Thursday, 23 February 2017

Mulga; face of the inland

This is another in an irregular series on (mostly Australian) trees. It's been a while since I posted one of these, but you can find some past ones here, here, and here

It is a remarkable fact that some 20-25% of the entire continent comprises semi-arid woodland dominated by just one tree - the hardy Mulga, Acacia aneura
Map of Mulga range from Atlas of Living Australia; in fact this map implies a greater even than
25% coverage, but I think the significant word is 'dominated'. This map includes more scattered stands,
in addition to the vast areas with just one dominant species.
(And I think we can discount records from Brisbane, Victoria and Adelaide, as well as up towards
the Top End, as being either errors or plantings.)
A drive through the inland of Australia can involve hundreds of kilometres of this habitat; these three photos show Mulga plains in different parts of Australia.
From Chambers Pillar, south-east of Alice Springs, central Australia.

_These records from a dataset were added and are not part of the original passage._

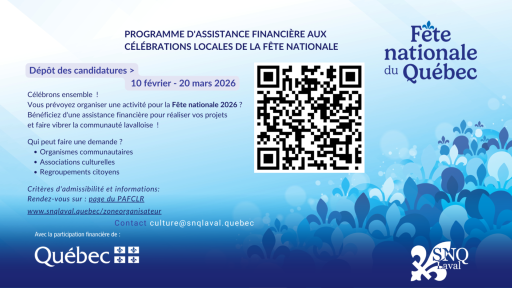 « Les communications autour de la Fête nationale 2026 s’entament et nous sommes ravis d’annoncer que le programme d’aide financière pour l’organisation de fêtes locales sur le territoire lavallois s’ouvrira le 10 février et que vous aurez jusqu’au 20 mars 2026 pour soumettre vos projets au jury de sélection. »
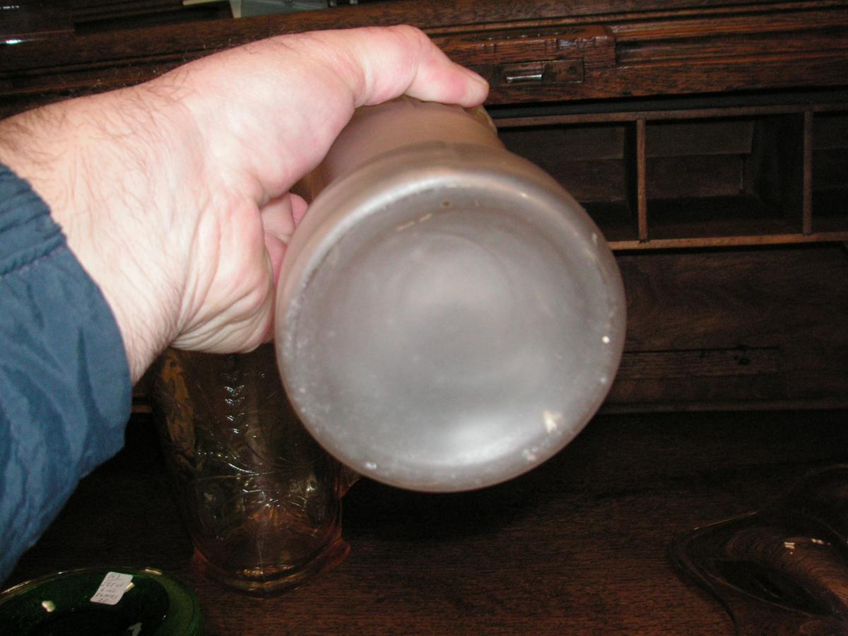 You must realize that Cyrus Noble, patina and glass making are all only partly connected though. The frosting shouldn't be confused with patina if that's what it is. Without actually holding it it's difficult for me to say of it's acid wash, powder blast or naturally occurring. Cyrus Noble in the earliest days probably didn't use glass and the commemoratives most likely didn't start until the time Jim Beam and others did, say 50's and 60's for the most part.
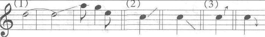 | 释义 | 滑音记号 滑音记号Portamento指用以表示从一音到另一音时声音连续滑行的符号。滑音记号多用于歌唱和弓弦乐器以及我国民族管乐器等。其标记(1)连接起音和滑向音之间的直线,滑向音通常用小音符;(2)一个音符后边的向上或向下的短曲线,向上表示上滑音,向下表示下滑音;(3)一个音符后边的向上或向下的箭头,向上表示上滑音,向下表示下滑音。
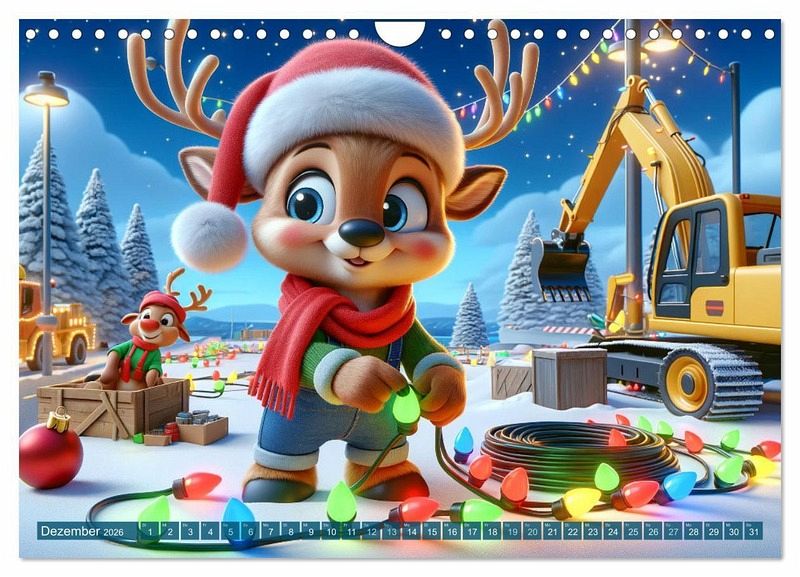 Dezember: Das festliche Rentier als Weihnachtsdekorateur: Lichterglanz auf der Baustelle
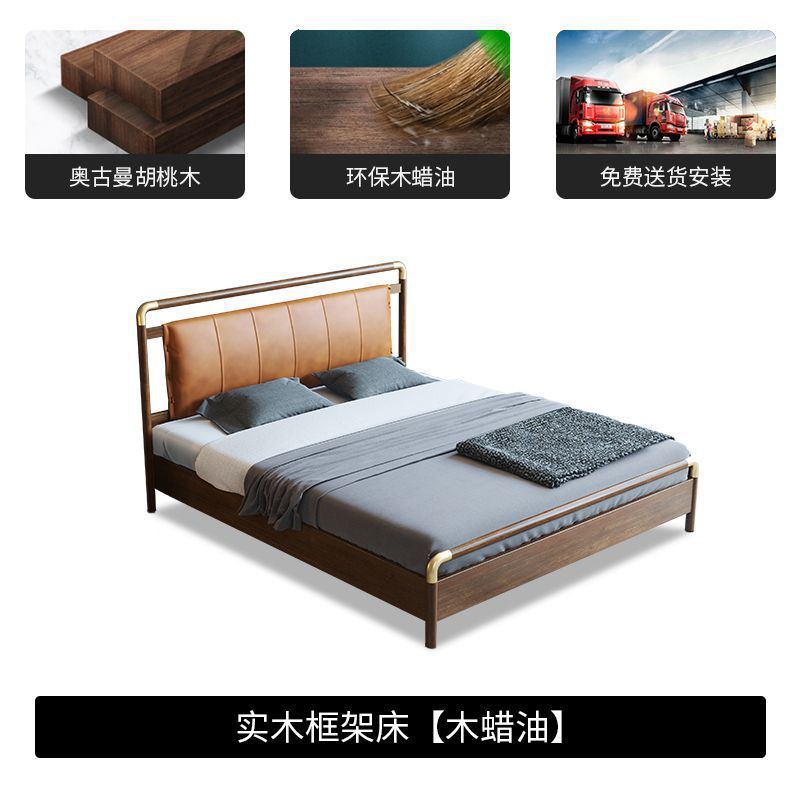 호두나무 침대, 모던하고 심플한 마스터 침실, 더블 침대, 부드러운 등받이, 홈 웨딩 침대, 대형 원목 모델
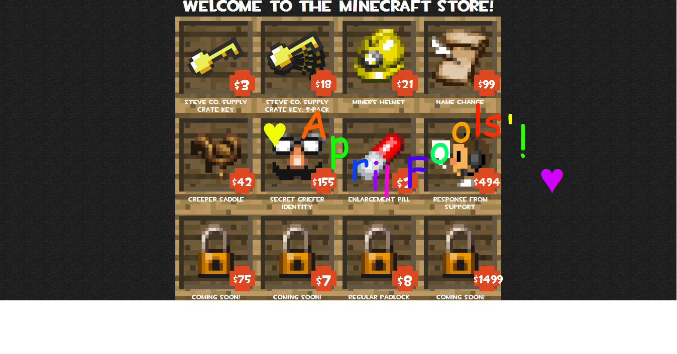 - Edições Bedrock e Console Legado, e o site do Minecraft tem sua própria "Loja do Minecraft". No entanto, eles são lojas reais do jogo usadas para obter conteúdo para download, comprar a Edição Java e também mercadorias do Minecraft, não têm nenhuma relação com a piada do Dia da Mentira.
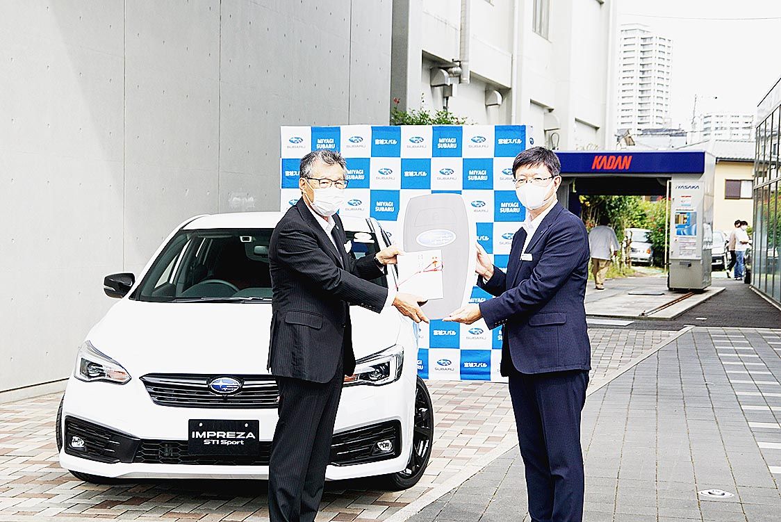 スバルと宮城スバル、花壇自大に教材用車両1台(インプレッサ)と故障診断ソフトを寄贈

Near Quilpie, south-west Queensland.

Idalia National Park, central Queensland.
Having made the claim about 'one species' however, it may not be quite that neat, as nature is wont to do to our attempts to create tidy little boxes. It is certainly a very variable species (which is perhaps not surprising over such a vast range), with very different foliages.
Mulga near Windorah, south-west Queensland; note the slender foliage.

Mulga near Cobar, central western New South Wales.
Here the foliage is much broader, giving a quite different aspect.
One thing that is consistent however is the distinctive form, which has been described as like an upside-down umbrella. 
Mulga near Windorah, south-west Queensland.
The erect phyllodes (modified leaf stems in acacias, which function as leaves) direct rain down the stem and ultimately down the trunk, so that virtually all the water which hits the canopy enters the soil less than 50cm from the trunk in old trees, and even closer in small ones. 25mm of rain can, in this fashion, be equivalent to a fall of 140mm where the water enters the soil; it follows the trunk down through the soil to the roots, which take the water deeper and thus hold it longer than can be done by other more shallow-rooted plants. In addition of course any plant which grows under the Mulga canopy is going to be robbed of rain by the tree.

Another constant, as we'd expect from a species, or even a species complex, is the flower, which forms a spike of clustered little flowers, as opposed to the sphere of many acacias.
Mulga flowers, near Windorah, south-west Queensland.
Mulga produces heavy crops of flowers following spring and summer rain,
but only produces seed after late summer rains.
Moreover for actual seed set to occur, follow-up winter rains are needed too. The seeds drop after October-November,
then need more summer rain to germinate. This set of circumstances may only come along once a decade or so.
Mulga grows in a range of habitats (so the long drive through the Mulga lands can never be boring) but one constant factor seems the iron-rich red soils, as you've probably already noticed in the photos above; here are some more examples.
In sandy clay plain, Idalia NP, central Queensland.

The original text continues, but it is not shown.